Hyperglycemia developed spontaneously in ZDSD rats compared to SD rats and although glucose levels tended to run higher in animals as young as 10 weeks of age (118.8 ± 2.9 vs. 139.4 ± 2.1 mg/dL) they do not become statistically significant until 20 weeks of age. Glucose levels remained quite steady in SD animals as they age, while there was a progressive increase in glucose in aging ZDSD rats. Glucose levels were significantly higher compared to SD rats from 20 weeks of age, and reached 550.9 ± 21.2 mg/dL at 30 weeks (Figure 1B).

Urine volume (mls/day) was not significantly different in ZDSD rats compared to age-matched SD rats at 10 weeks of age. However, as blood glucose increased, urine volume became significantly different starting at 24 weeks when compared to age-matched SD rats (Figure 1C).
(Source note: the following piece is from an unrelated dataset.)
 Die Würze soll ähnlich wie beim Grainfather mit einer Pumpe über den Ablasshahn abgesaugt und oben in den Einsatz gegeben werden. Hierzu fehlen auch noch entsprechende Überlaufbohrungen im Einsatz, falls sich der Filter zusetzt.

Albumin excretion was comparable to that of SD rats in animals up to 20 weeks of age (6.9 ± 1.4 vs. 9.5 ± 2.7 mg/day for SD and ZDSD rats, respectively). Urinary albumin excretion became significantly different, compared to SD rats, at 26 weeks reaching 125.7 ± 16.9 mg/day in 30 week old animals (Figure 1D).
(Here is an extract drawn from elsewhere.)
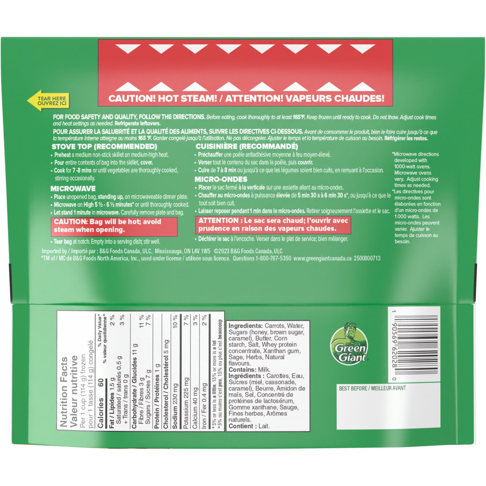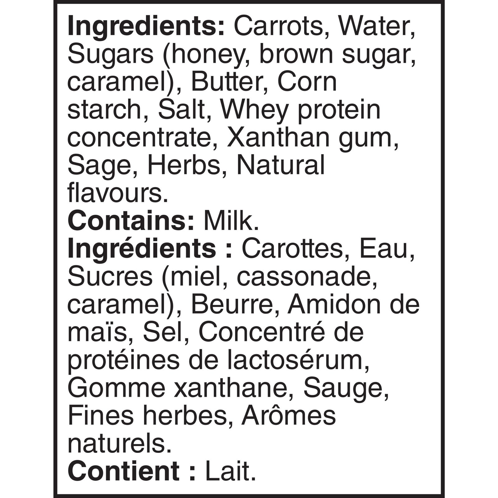 | Ingredients | Carrots. Water. Sugars (honey. brown sugar. caramel). Butter. Corn starch. Salt. Whey protein concentrate. Xanthan gum. Sage. Herbs. Natural flavours. Contains: Milk. |

In addition to increased albumin excretion, age-related increases in the excretion of early urinary markers of renal injury (β2-microglobulin, KIM-1, clusterin and cystatin C) were noted in ZDSD animals (Figure 1E-H). Figure 1G demonstrates significantly higher excretion of cystatin C in the urine of ZDSD animals compared to SD animals starting at 22 weeks of age (8.1 ± 0.1 vs. 2.6 ± 0.3 µg/day, respectively). Figure 1G illustrates that cystatin C levels in urine of SD animals remained steady throughout the study period; however, levels in ZDSD rats increased rapidly compared to baseline values over the 20-week observation period and were significantly higher compared to SD rats at each of 22 to 30 weeks. In 30 weeks old animals, cystatin C was increased by 9 fold over that of SD rats (25.1 ± 2.1 vs. 2.9 ± 0.2 µg/day, respectively). A similar pattern was apparent for KIM-1, clusterin and β2-microglobulin; significant differences in these markers first appeared in 22 to 24 week old animals (Figure 1E, 1F and 1H). A seven-fold increase in KIM-1 (10.8 ± 1.1 vs. 1.6 ± 0.1 ng/day) and a seven-fold increase in β2-microglobulin (1441.9 ± 146.5 vs. 194.1 ± 22.5 ng/day) were prominent in 30 week old rats.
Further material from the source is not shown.